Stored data

_ _ _

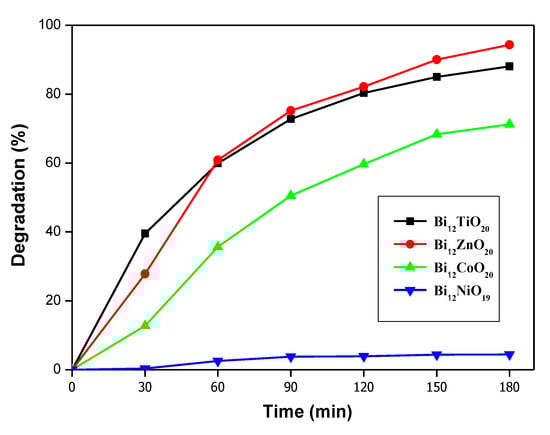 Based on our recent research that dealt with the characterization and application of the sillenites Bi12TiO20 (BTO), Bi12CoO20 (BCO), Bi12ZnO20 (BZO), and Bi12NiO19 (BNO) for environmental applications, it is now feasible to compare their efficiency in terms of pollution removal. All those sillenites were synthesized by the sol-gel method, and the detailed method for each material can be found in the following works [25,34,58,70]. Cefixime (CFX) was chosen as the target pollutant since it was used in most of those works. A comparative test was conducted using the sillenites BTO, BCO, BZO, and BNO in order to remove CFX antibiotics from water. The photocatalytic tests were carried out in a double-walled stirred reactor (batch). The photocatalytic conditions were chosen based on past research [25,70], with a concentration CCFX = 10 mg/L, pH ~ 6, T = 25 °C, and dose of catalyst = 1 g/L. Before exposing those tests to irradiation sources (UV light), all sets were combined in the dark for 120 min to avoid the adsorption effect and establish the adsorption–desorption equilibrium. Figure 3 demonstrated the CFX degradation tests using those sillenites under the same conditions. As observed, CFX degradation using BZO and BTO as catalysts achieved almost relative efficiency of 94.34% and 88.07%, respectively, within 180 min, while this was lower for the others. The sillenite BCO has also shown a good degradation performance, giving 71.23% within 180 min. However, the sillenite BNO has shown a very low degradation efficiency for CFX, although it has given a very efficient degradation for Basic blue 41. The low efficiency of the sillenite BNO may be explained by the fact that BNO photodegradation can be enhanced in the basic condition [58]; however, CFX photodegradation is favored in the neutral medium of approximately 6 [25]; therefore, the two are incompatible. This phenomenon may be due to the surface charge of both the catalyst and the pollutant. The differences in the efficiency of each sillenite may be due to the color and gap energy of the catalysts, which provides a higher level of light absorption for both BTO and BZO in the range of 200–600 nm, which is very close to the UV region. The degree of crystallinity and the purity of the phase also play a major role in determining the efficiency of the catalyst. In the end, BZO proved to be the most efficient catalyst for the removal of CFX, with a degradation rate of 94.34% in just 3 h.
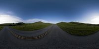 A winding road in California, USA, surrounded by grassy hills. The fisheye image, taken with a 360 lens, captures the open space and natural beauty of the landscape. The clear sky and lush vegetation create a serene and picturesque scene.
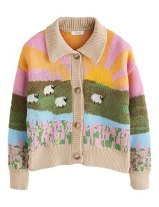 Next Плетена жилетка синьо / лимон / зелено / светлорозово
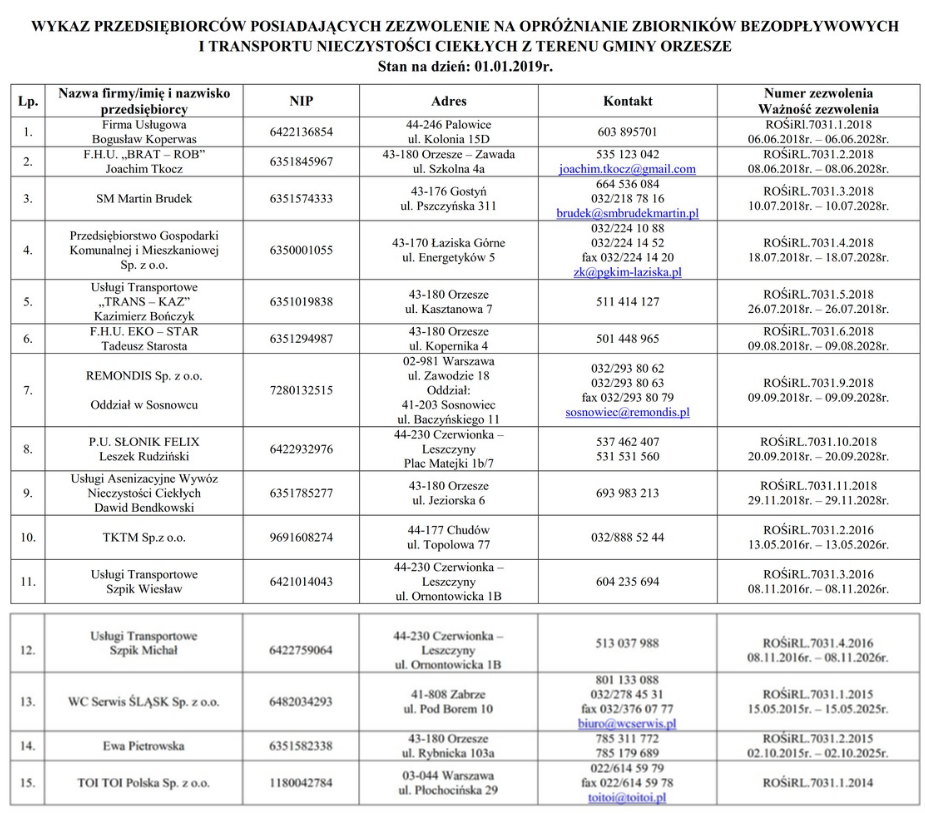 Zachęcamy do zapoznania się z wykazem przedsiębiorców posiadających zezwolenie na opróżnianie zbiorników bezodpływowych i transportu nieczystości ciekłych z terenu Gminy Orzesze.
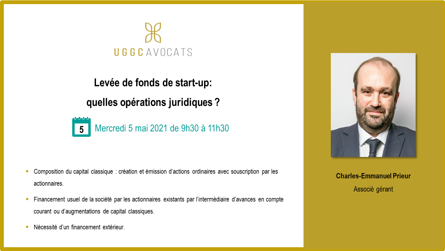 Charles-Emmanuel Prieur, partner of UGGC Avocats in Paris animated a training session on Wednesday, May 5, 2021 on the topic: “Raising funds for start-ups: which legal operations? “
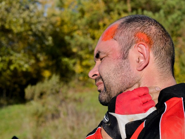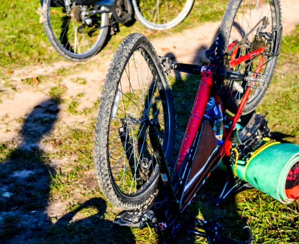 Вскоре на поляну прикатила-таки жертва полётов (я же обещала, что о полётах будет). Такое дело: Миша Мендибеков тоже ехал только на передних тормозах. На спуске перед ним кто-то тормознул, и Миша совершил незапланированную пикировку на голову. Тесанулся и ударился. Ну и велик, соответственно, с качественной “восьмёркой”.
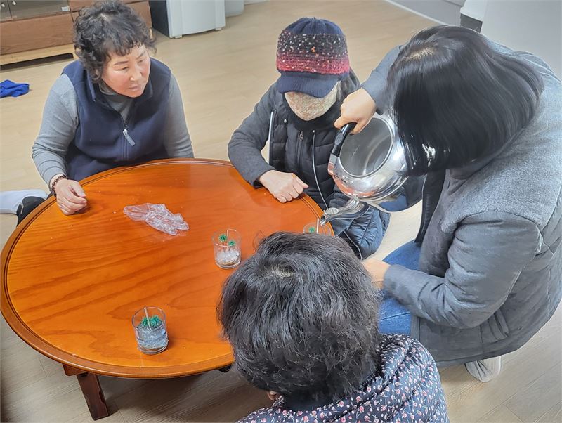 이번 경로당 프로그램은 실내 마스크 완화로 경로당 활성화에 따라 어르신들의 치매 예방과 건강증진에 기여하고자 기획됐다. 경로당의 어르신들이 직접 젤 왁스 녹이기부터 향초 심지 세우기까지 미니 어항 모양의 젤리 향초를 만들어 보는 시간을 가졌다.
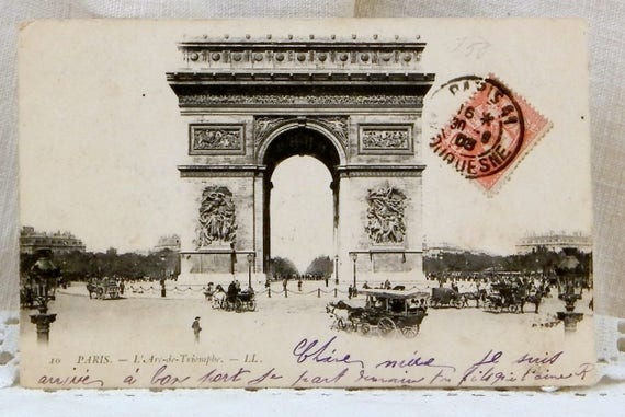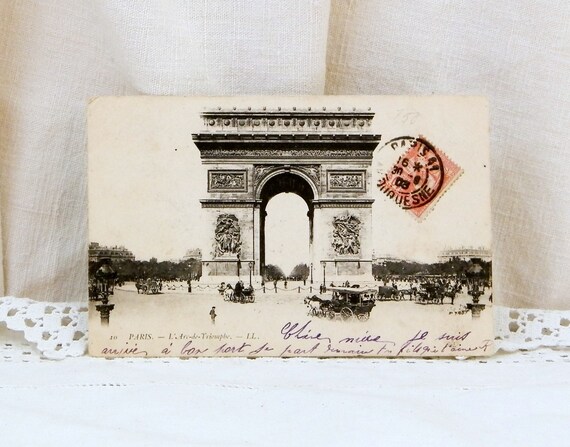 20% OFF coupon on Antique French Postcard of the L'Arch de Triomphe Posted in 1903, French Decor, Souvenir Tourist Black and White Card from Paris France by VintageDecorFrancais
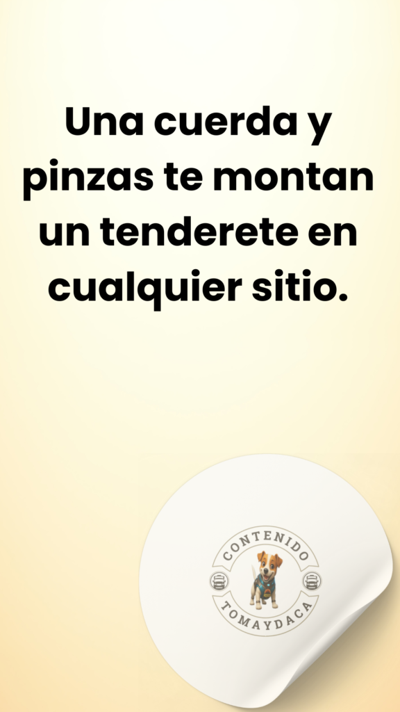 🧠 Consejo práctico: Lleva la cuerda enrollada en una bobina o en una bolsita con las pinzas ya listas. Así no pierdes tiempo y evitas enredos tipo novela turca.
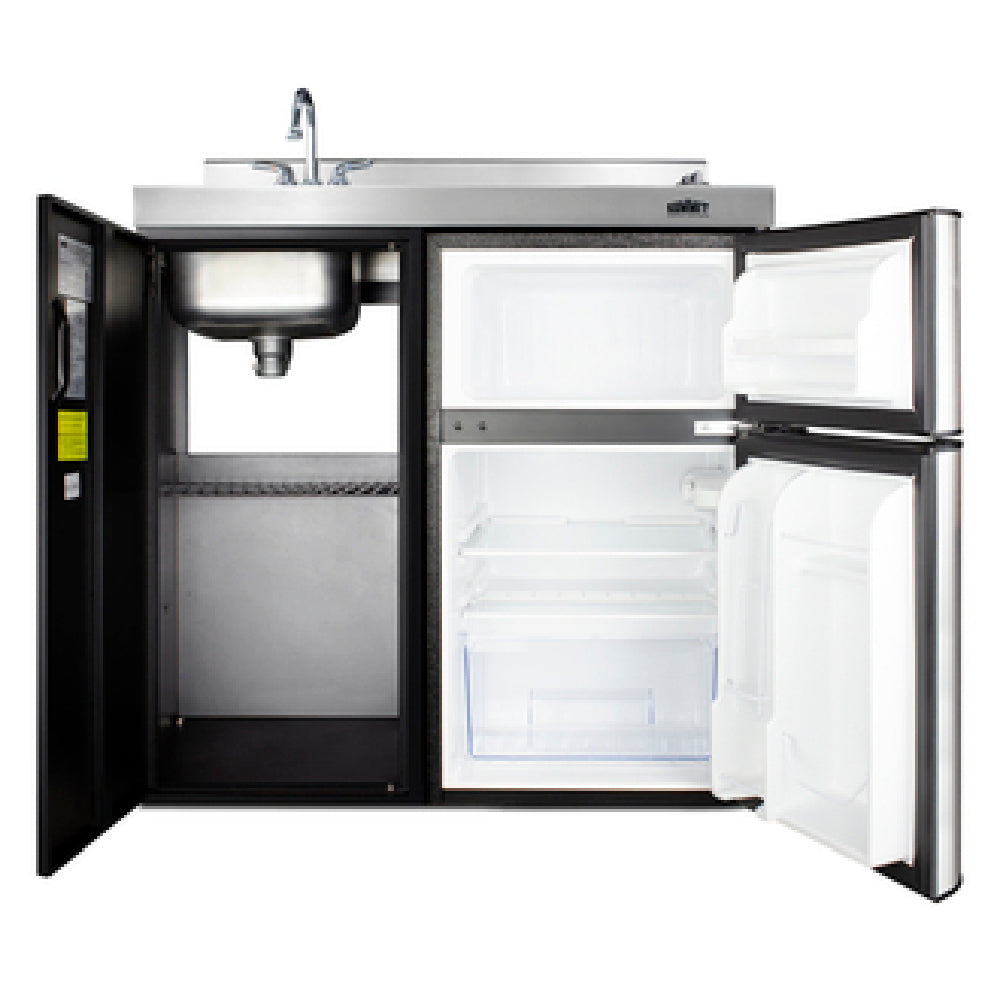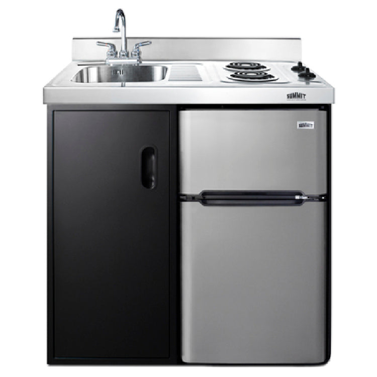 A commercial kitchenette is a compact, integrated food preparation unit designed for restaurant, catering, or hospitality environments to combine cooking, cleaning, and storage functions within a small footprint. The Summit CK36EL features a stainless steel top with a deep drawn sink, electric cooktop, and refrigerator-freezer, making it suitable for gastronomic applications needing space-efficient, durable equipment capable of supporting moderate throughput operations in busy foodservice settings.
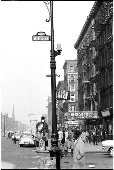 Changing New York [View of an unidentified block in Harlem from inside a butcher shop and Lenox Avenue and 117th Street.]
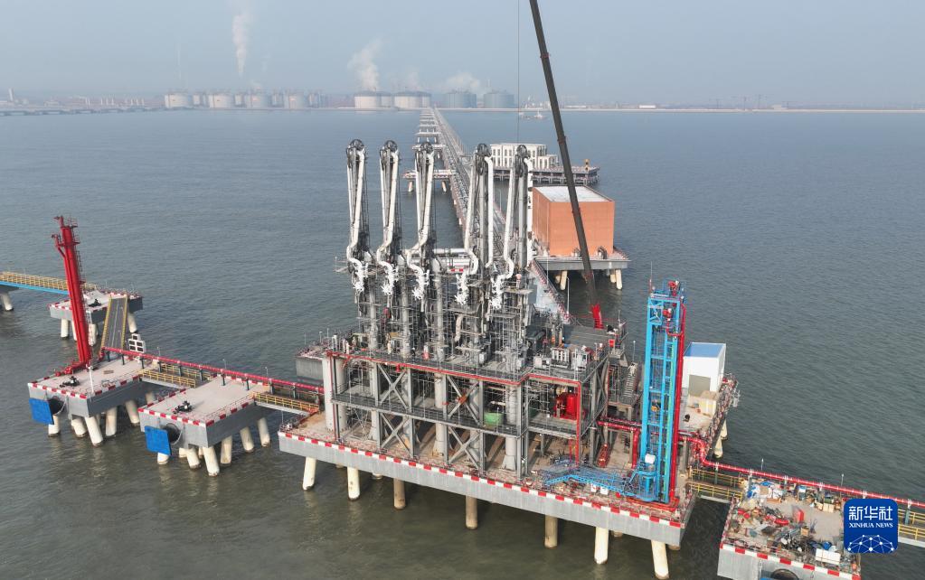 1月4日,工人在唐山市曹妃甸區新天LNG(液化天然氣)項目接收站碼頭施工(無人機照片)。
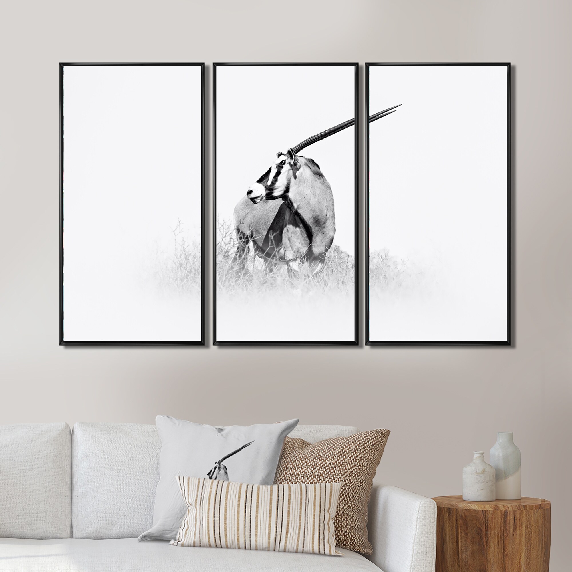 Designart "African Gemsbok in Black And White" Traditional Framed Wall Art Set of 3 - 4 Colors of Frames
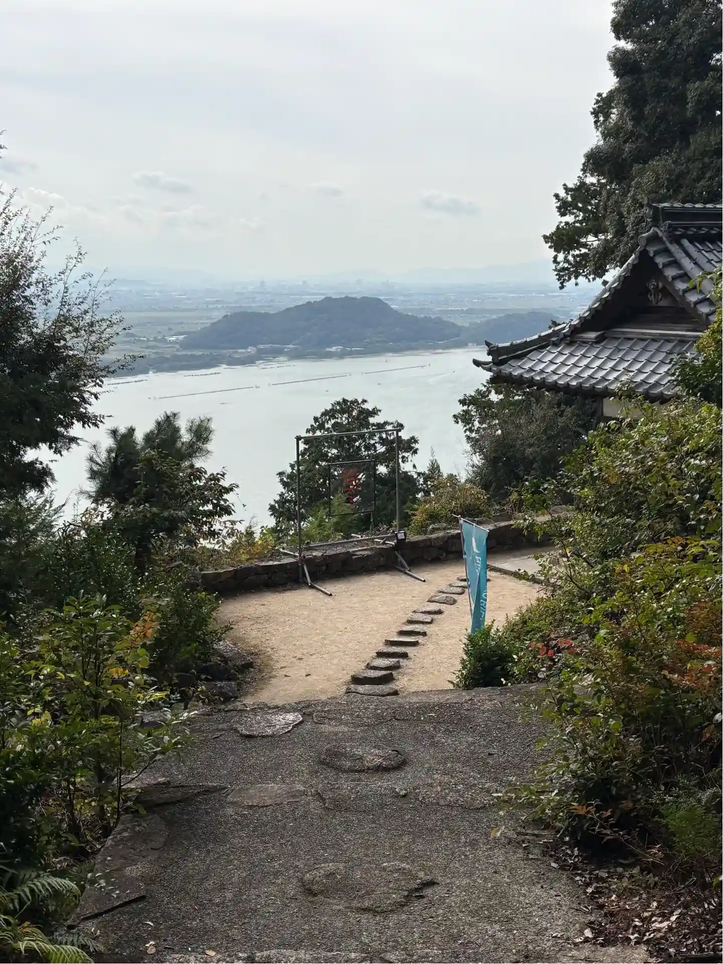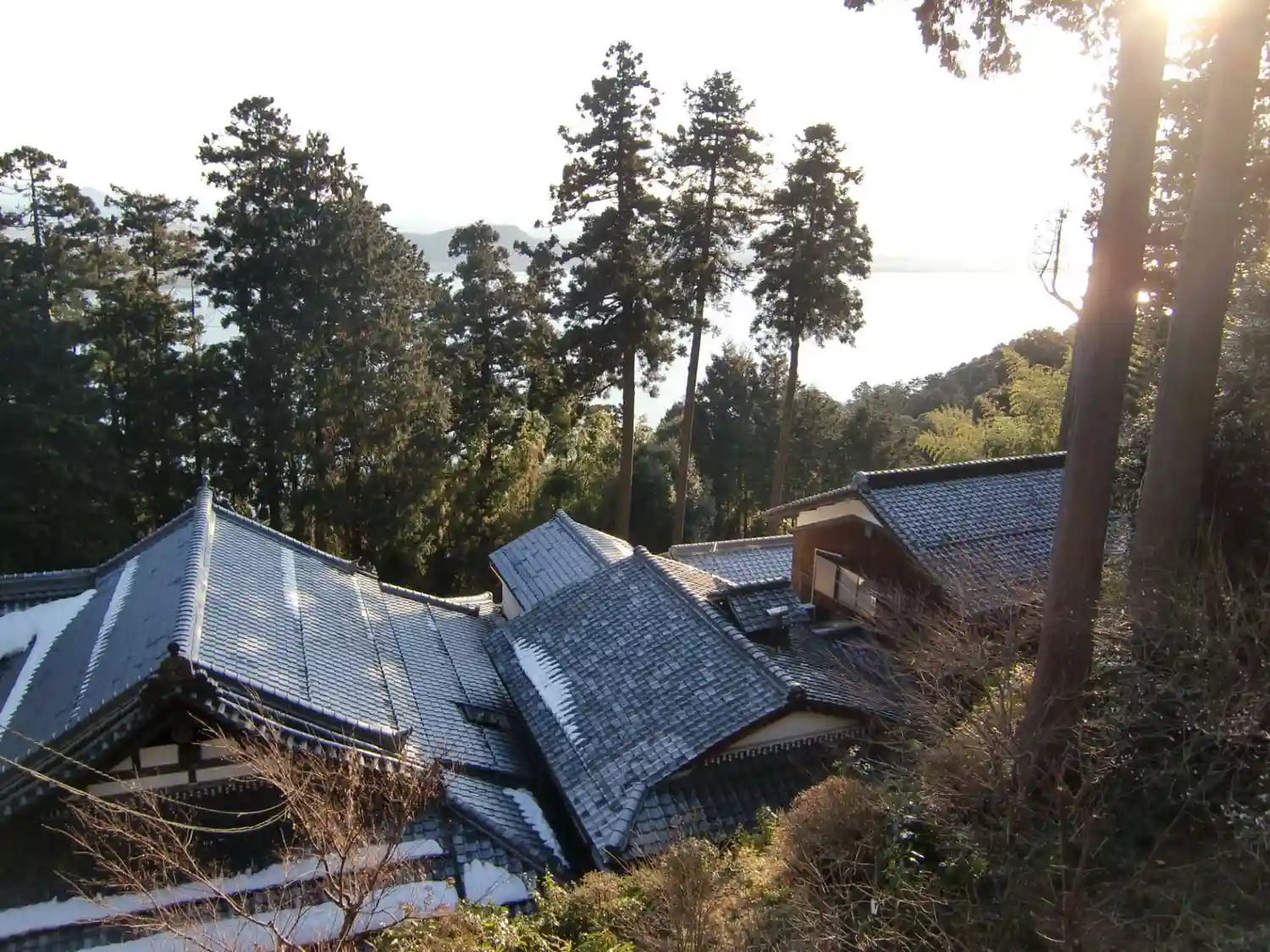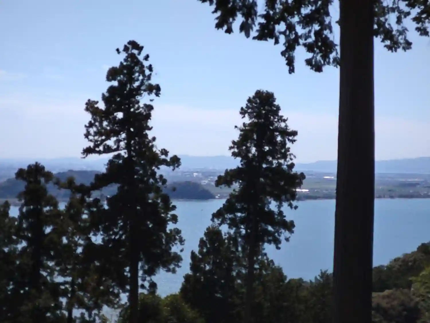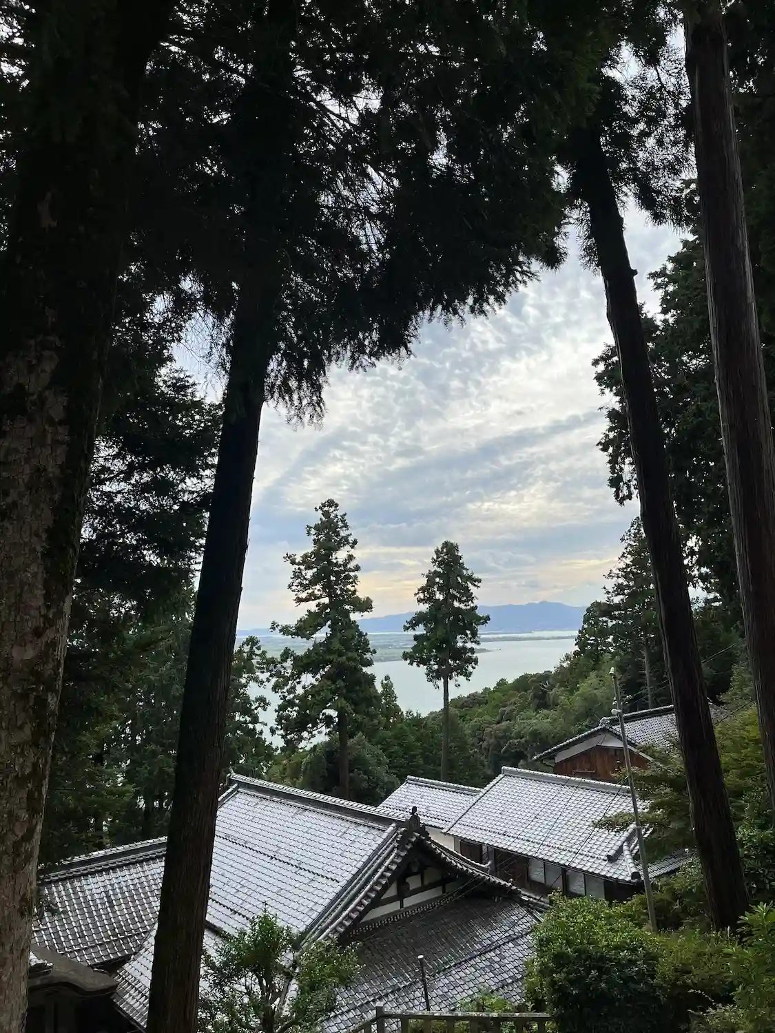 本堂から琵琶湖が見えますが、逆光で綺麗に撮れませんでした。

_ _ _

=== YOUR TASK ===
The records must come back exactly, with their pictures removed.

=== OUTPUT BELOW ===
 Based on our recent research that dealt with the characterization and application of the sillenites Bi12TiO20 (BTO), Bi12CoO20 (BCO), Bi12ZnO20 (BZO), and Bi12NiO19 (BNO) for environmental applications, it is now feasible to compare their efficiency in terms of pollution removal. All those sillenites were synthesized by the sol-gel method, and the detailed method for each material can be found in the following works [25,34,58,70]. Cefixime (CFX) was chosen as the target pollutant since it was used in most of those works. A comparative test was conducted using the sillenites BTO, BCO, BZO, and BNO in order to remove CFX antibiotics from water. The photocatalytic tests were carried out in a double-walled stirred reactor (batch). The photocatalytic conditions were chosen based on past research [25,70], with a concentration CCFX = 10 mg/L, pH ~ 6, T = 25 °C, and dose of catalyst = 1 g/L. Before exposing those tests to irradiation sources (UV light), all sets were combined in the dark for 120 min to avoid the adsorption effect and establish the adsorption–desorption equilibrium. Figure 3 demonstrated the CFX degradation tests using those sillenites under the same conditions. As observed, CFX degradation using BZO and BTO as catalysts achieved almost relative efficiency of 94.34% and 88.07%, respectively, within 180 min, while this was lower for the others. The sillenite BCO has also shown a good degradation performance, giving 71.23% within 180 min. However, the sillenite BNO has shown a very low degradation efficiency for CFX, although it has given a very efficient degradation for Basic blue 41. The low efficiency of the sillenite BNO may be explained by the fact that BNO photodegradation can be enhanced in the basic condition [58]; however, CFX photodegradation is favored in the neutral medium of approximately 6 [25]; therefore, the two are incompatible. This phenomenon may be due to the surface charge of both the catalyst and the pollutant. The differences in the efficiency of each sillenite may be due to the color and gap energy of the catalysts, which provides a higher level of light absorption for both BTO and BZO in the range of 200–600 nm, which is very close to the UV region. The degree of crystallinity and the purity of the phase also play a major role in determining the efficiency of the catalyst. In the end, BZO proved to be the most efficient catalyst for the removal of CFX, with a degradation rate of 94.34% in just 3 h.
 A winding road in California, USA, surrounded by grassy hills. The fisheye image, taken with a 360 lens, captures the open space and natural beauty of the landscape. The clear sky and lush vegetation create a serene and picturesque scene.
 Next Плетена жилетка синьо / лимон / зелено / светлорозово
 Zachęcamy do zapoznania się z wykazem przedsiębiorców posiadających zezwolenie na opróżnianie zbiorników bezodpływowych i transportu nieczystości ciekłych z terenu Gminy Orzesze.
 Charles-Emmanuel Prieur, partner of UGGC Avocats in Paris animated a training session on Wednesday, May 5, 2021 on the topic: “Raising funds for start-ups: which legal operations? “
 Вскоре на поляну прикатила-таки жертва полётов (я же обещала, что о полётах будет). Такое дело: Миша Мендибеков тоже ехал только на передних тормозах. На спуске перед ним кто-то тормознул, и Миша совершил незапланированную пикировку на голову. Тесанулся и ударился. Ну и велик, соответственно, с качественной “восьмёркой”.
 이번 경로당 프로그램은 실내 마스크 완화로 경로당 활성화에 따라 어르신들의 치매 예방과 건강증진에 기여하고자 기획됐다. 경로당의 어르신들이 직접 젤 왁스 녹이기부터 향초 심지 세우기까지 미니 어항 모양의 젤리 향초를 만들어 보는 시간을 가졌다.
 20% OFF coupon on Antique French Postcard of the L'Arch de Triomphe Posted in 1903, French Decor, Souvenir Tourist Black and White Card from Paris France by VintageDecorFrancais
 🧠 Consejo práctico: Lleva la cuerda enrollada en una bobina o en una bolsita con las pinzas ya listas. Así no pierdes tiempo y evitas enredos tipo novela turca.
 A commercial kitchenette is a compact, integrated food preparation unit designed for restaurant, catering, or hospitality environments to combine cooking, cleaning, and storage functions within a small footprint. The Summit CK36EL features a stainless steel top with a deep drawn sink, electric cooktop, and refrigerator-freezer, making it suitable for gastronomic applications needing space-efficient, durable equipment capable of supporting moderate throughput operations in busy foodservice settings.
 Changing New York [View of an unidentified block in Harlem from inside a butcher shop and Lenox Avenue and 117th Street.]
 1月4日,工人在唐山市曹妃甸區新天LNG(液化天然氣)項目接收站碼頭施工(無人機照片)。
 Designart "African Gemsbok in Black And White" Traditional Framed Wall Art Set of 3 - 4 Colors of Frames
 本堂から琵琶湖が見えますが、逆光で綺麗に撮れませんでした。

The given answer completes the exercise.